## EXERCISE INSTRUCTIONS
Each line of data below must be printed exactly as written, with any pictures removed.

## Stored data

===

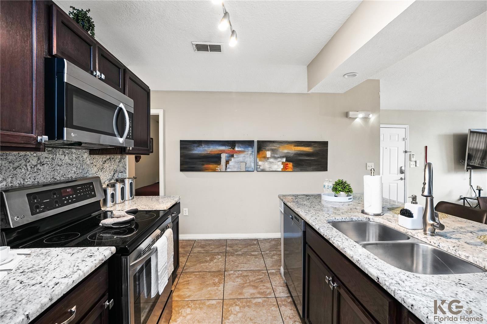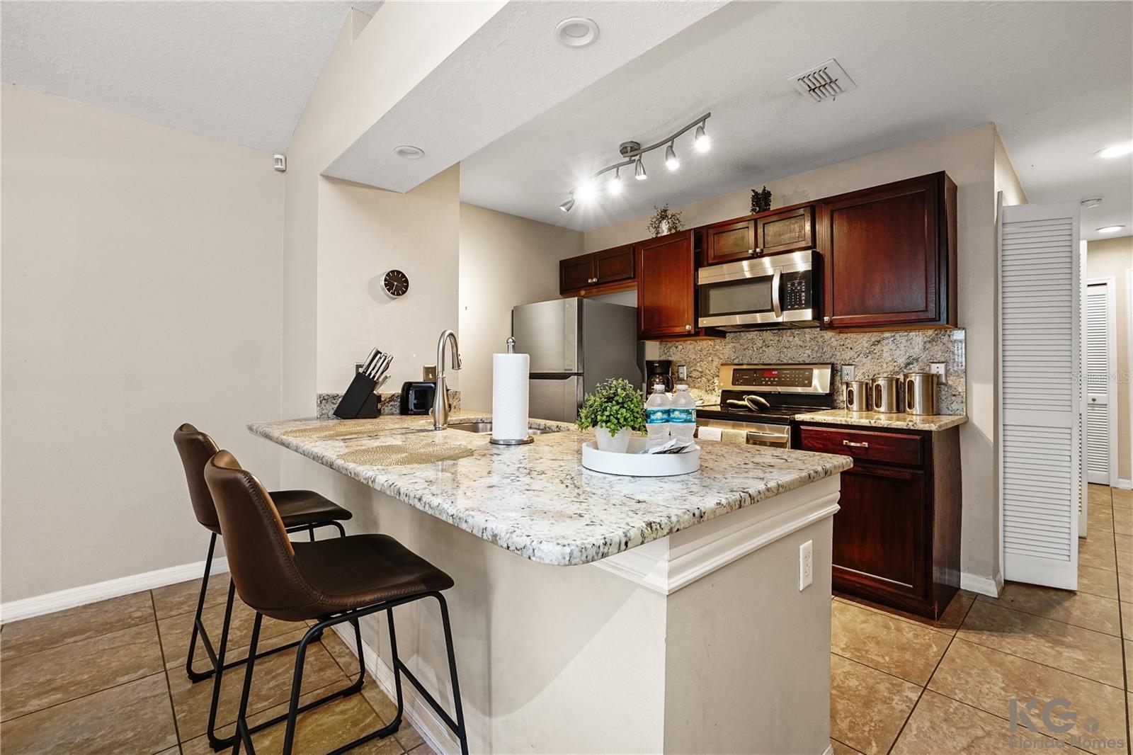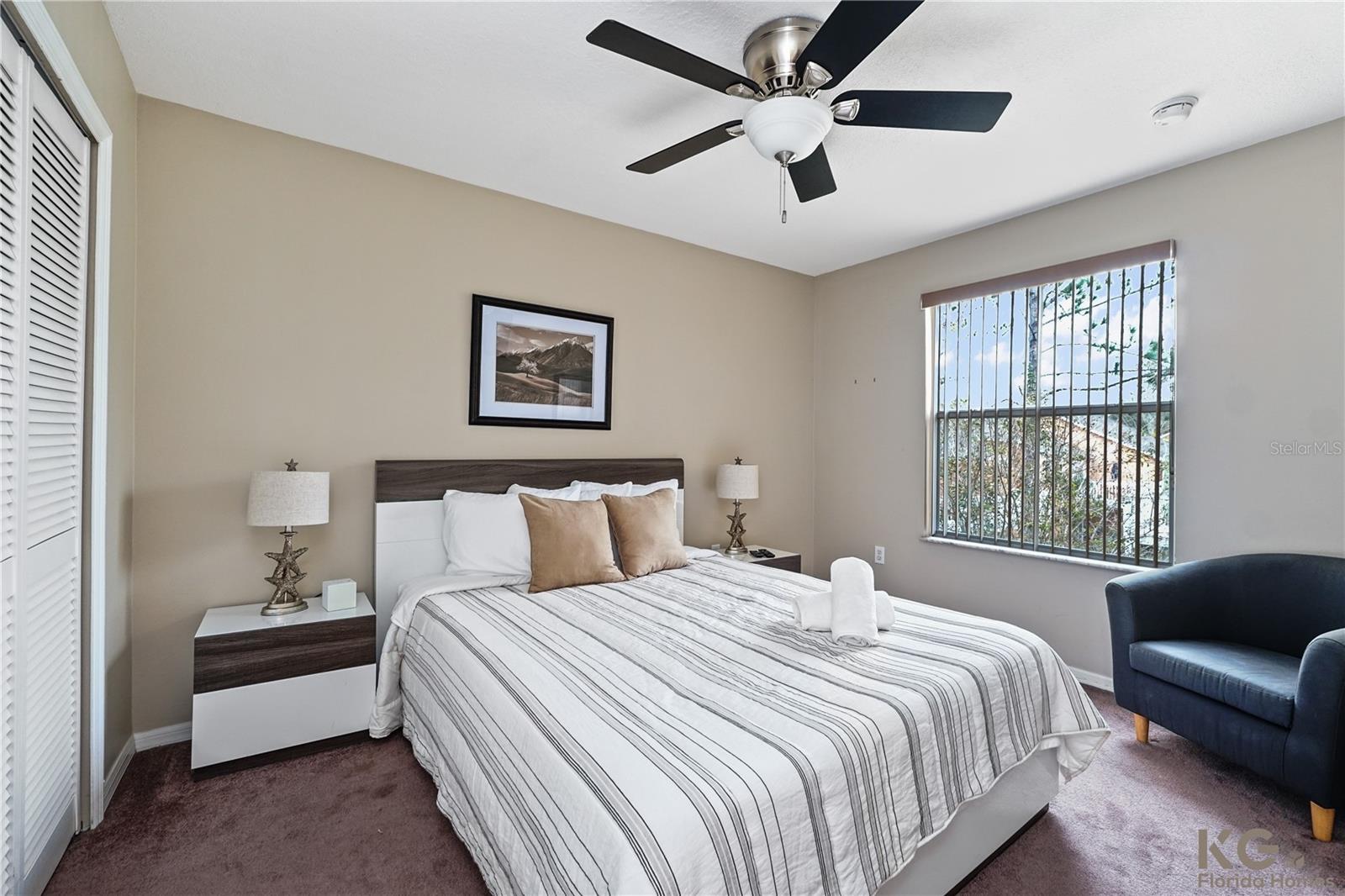 ATTENTION INVESTORS GREAT OPPORTUNITY!!!!! Experience the charm of this beautifully upgraded condo located in a secure gated community, just a short 10-minute drive from the magic of Disney World. This versatile home is ideal for Airbnb, VRBO, or year-round living! Upon entering, you'll be welcomed by impressive high ceilings and a private outdoor deck accessible from the master bedroom on the second floor. The open floor plan features ceramic tile flooring in the living areas and bathrooms, while the bedrooms are adorned with soft, upgraded carpeting. Enjoy the luxurious upgrades in both the master bathroom and kitchen, which have been carefully modernized. The kitchen is equipped with sleek stainless steel appliances, stylish granite countertops, and a filtered water system at the sink. This conveniently located unit offers quick access to all of Central Florida's attractions and major highways like the 429, yet is peacefully situated in a quiet part of the neighborhood. Within minutes, you can dive into the enchantment of Disney, with endless shopping and exciting activities right at your doorstep—all major shopping and dining options are within 10 minutes! Enjoy maintenance-free living, as the community handles exterior upkeep, allowing you to unwind in the community pool after a day of adventure. Don’t miss the opportunity to discover all that this home and community have for you. Call now to arrange your personal tour!
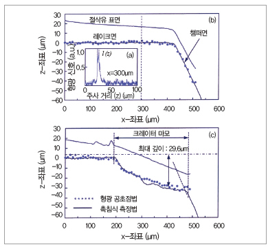절삭액 MP15를 도포한 광택면을 갖는 가공 전의 공구 날끝에서는 그림 5 (a)의 형광 신호를 얻을 수 있고, 그림 5 (b)에 나타낸 프로파일은 촉침식 표면조도계와 양호하게 일치하고 있다. 한편, 그림 5 (c)는 비교적 얕은 마모(최대 깊이 : 29.6μm)를 갖는 거친면의 측정 결과이다. 절삭액 막의 영향을 받지 않고 마모를 포함하는 날끝 형상의 특징을 파악하고 있으며, 이 방법은 수 μm~수십 μm에 미치는 절삭액 막의 영향을 받지 않고 공구 날끝 미세 형상을 고정도로 측정 가능하다는 것을 나타냈다.
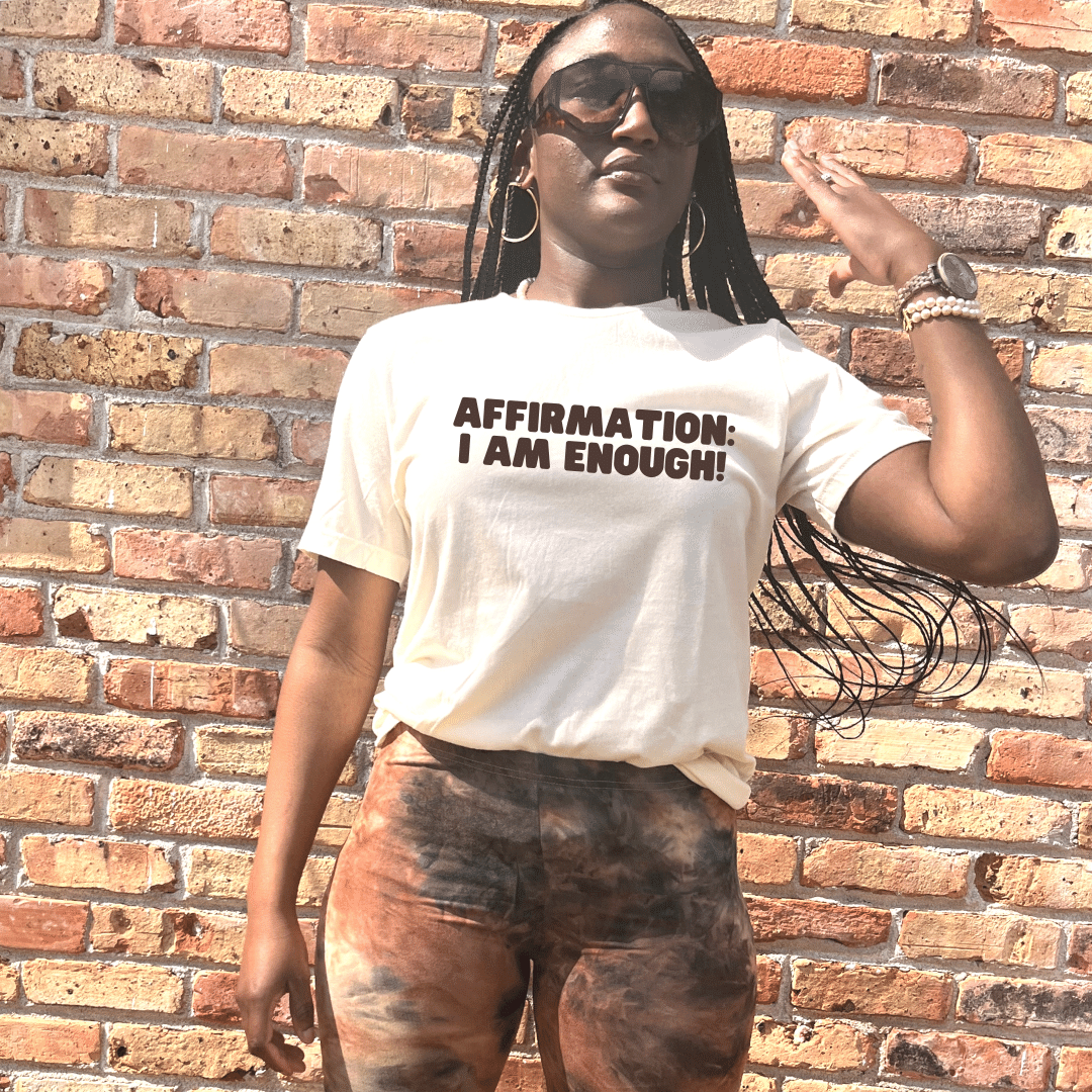 Our I am enough t-shirt is a reminder to yourself and others that you're strong, bold, and beautiful, without need for perfection. Wear it with pride and celebrate the journey to becoming your best self.
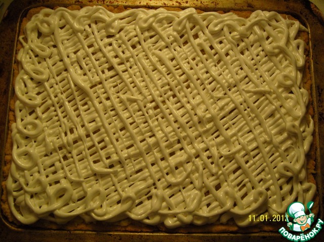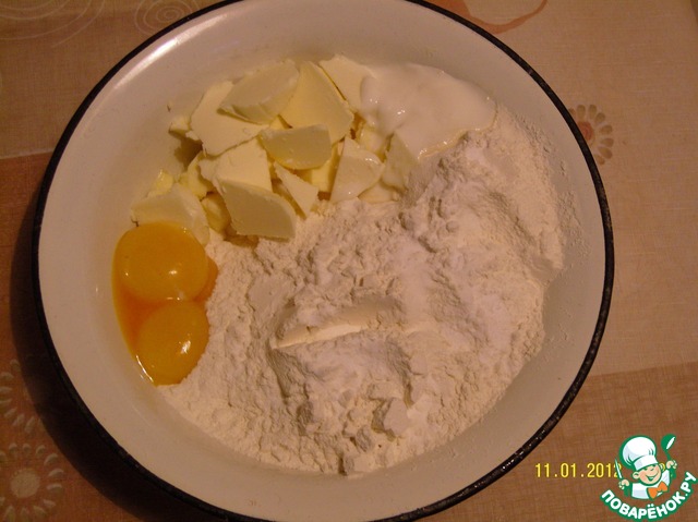 Смешать маргарин, желтки, сметану, муку, соду. Замесить тесто и выложить на противень, запечь в духовке
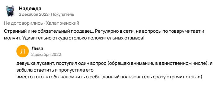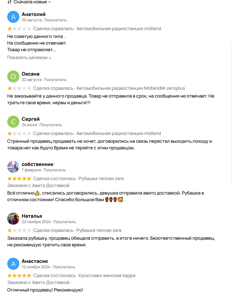 Хз чё вы ссытесь оставлять отзывы. Так вот заходишь в аккаунт покупахи, а там отзывы типа "ёбнутый", "заказал и не забрал", "ебал мозг весь день вопросами, заказал и отменил через два дня, когда пердола уже в пути", "вместо А прислал Б" и так далее по списку. Сразу блочишь дурачка и всё, даже время не тратишь на него.
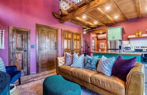 Back inside, the master bedroom is on the main level and outfitted with a king bed and it's own flat screen, smart TV! The only bathroom is plenty spacious and features a floor to ceiling tile shower! Head up the wrought iron staircase to the open loft with two queen beds and beautiful views of the trees! This "Tree House" is sure to be a one of a kind experience!
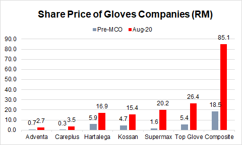 It is fair to say that much of the upwards performance of the Malaysian stock market was due to everyone piling onto gloves stocks. Gloves companies gained almost 359% since the MCO, aided by the retail frenzy for glove companies. Even less established glove companies who were penny stocks (Adventa, Careplus), are now trading like they are big boys in the market.

===

## EXERCISE RESPONSE
 ATTENTION INVESTORS GREAT OPPORTUNITY!!!!! Experience the charm of this beautifully upgraded condo located in a secure gated community, just a short 10-minute drive from the magic of Disney World. This versatile home is ideal for Airbnb, VRBO, or year-round living! Upon entering, you'll be welcomed by impressive high ceilings and a private outdoor deck accessible from the master bedroom on the second floor. The open floor plan features ceramic tile flooring in the living areas and bathrooms, while the bedrooms are adorned with soft, upgraded carpeting. Enjoy the luxurious upgrades in both the master bathroom and kitchen, which have been carefully modernized. The kitchen is equipped with sleek stainless steel appliances, stylish granite countertops, and a filtered water system at the sink. This conveniently located unit offers quick access to all of Central Florida's attractions and major highways like the 429, yet is peacefully situated in a quiet part of the neighborhood. Within minutes, you can dive into the enchantment of Disney, with endless shopping and exciting activities right at your doorstep—all major shopping and dining options are within 10 minutes! Enjoy maintenance-free living, as the community handles exterior upkeep, allowing you to unwind in the community pool after a day of adventure. Don’t miss the opportunity to discover all that this home and community have for you. Call now to arrange your personal tour!
절삭액 MP15를 도포한 광택면을 갖는 가공 전의 공구 날끝에서는 그림 5 (a)의 형광 신호를 얻을 수 있고, 그림 5 (b)에 나타낸 프로파일은 촉침식 표면조도계와 양호하게 일치하고 있다. 한편, 그림 5 (c)는 비교적 얕은 마모(최대 깊이 : 29.6μm)를 갖는 거친면의 측정 결과이다. 절삭액 막의 영향을 받지 않고 마모를 포함하는 날끝 형상의 특징을 파악하고 있으며, 이 방법은 수 μm~수십 μm에 미치는 절삭액 막의 영향을 받지 않고 공구 날끝 미세 형상을 고정도로 측정 가능하다는 것을 나타냈다.
 Our I am enough t-shirt is a reminder to yourself and others that you're strong, bold, and beautiful, without need for perfection. Wear it with pride and celebrate the journey to becoming your best self.
 Смешать маргарин, желтки, сметану, муку, соду. Замесить тесто и выложить на противень, запечь в духовке
 Хз чё вы ссытесь оставлять отзывы. Так вот заходишь в аккаунт покупахи, а там отзывы типа "ёбнутый", "заказал и не забрал", "ебал мозг весь день вопросами, заказал и отменил через два дня, когда пердола уже в пути", "вместо А прислал Б" и так далее по списку. Сразу блочишь дурачка и всё, даже время не тратишь на него.
 Back inside, the master bedroom is on the main level and outfitted with a king bed and it's own flat screen, smart TV! The only bathroom is plenty spacious and features a floor to ceiling tile shower! Head up the wrought iron staircase to the open loft with two queen beds and beautiful views of the trees! This "Tree House" is sure to be a one of a kind experience!
 It is fair to say that much of the upwards performance of the Malaysian stock market was due to everyone piling onto gloves stocks. Gloves companies gained almost 359% since the MCO, aided by the retail frenzy for glove companies. Even less established glove companies who were penny stocks (Adventa, Careplus), are now trading like they are big boys in the market.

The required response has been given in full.